I am afraid of water!
I am even more fearful of drowning!
I knew this the moment my mother tried washing my hair in the bath tub as a child. The water was streaming fast but it was hard to run. I tried it but my mother was holding me tightly so I wouldn’t fall in the tub. I remember putting up a fight with her, but lost; It’s hard fighting when you have shampoo in your eyes; water in your mouth and nose from crying; and a strong Jamaican mother.
Swim lessons at the YMCA didn’t help much. Without a flotation device I couldn’t get my arms and legs to do what other kids were doing, swim. Nor did my older brother’s attempt to teach me how to swim at my uncle’s house in Florida help. Growing up in Jamaica, my siblings learned how to swim by being thrown in a body of water. But when this was done to me one summer in Florida, I nearly drowned! Let’s just say I won’t try the “sink or swim” test with my future children. Sadly, I’m not alone.
According to USA Swimming, 70% of African-American children cannot swim, compared with nearly 60% for Hispanic children and 42% for white children. So in an effort to get over my fear, this non-swimmer decided to go kayaking at Pactola Lake in South Dakota.
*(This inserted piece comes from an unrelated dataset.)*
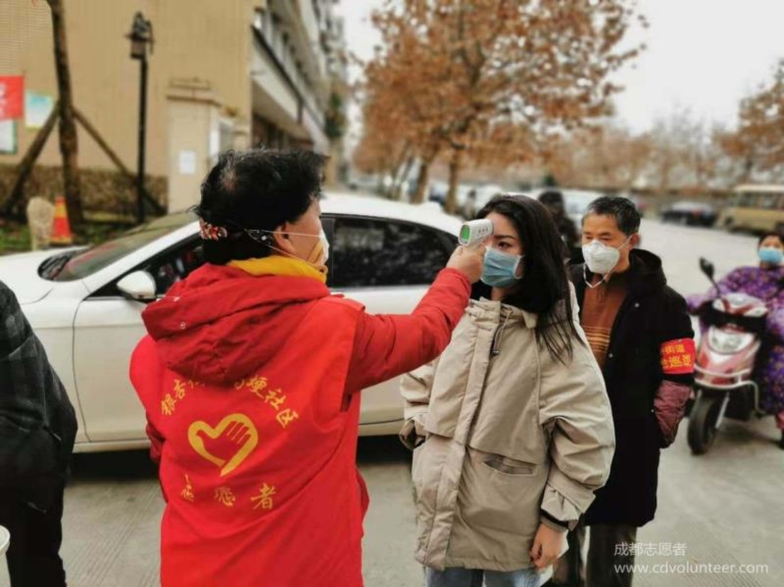 志愿者测量出入社区人员的体温。(图片来源于网络)

I obviously survived because I’m able to write this blog post.
With my life jacket on and the aide of my friend Justin — who is a 12-year kayaker and member of the Black Hills Paddlers — I was ready to get my feet wet. Not, literally, that wouldn’t be a good thing!
At times I thought, “what the heck am I doing!” but for the most part, I had a blast! There’s nothing like viewing the open-water in a kayak: the fresh air, the sounds of flies soaring, the songs of birds, the movement of water and the many things about nature we take for granted daily.
There was no turning back because I came, I paddled and I conquered!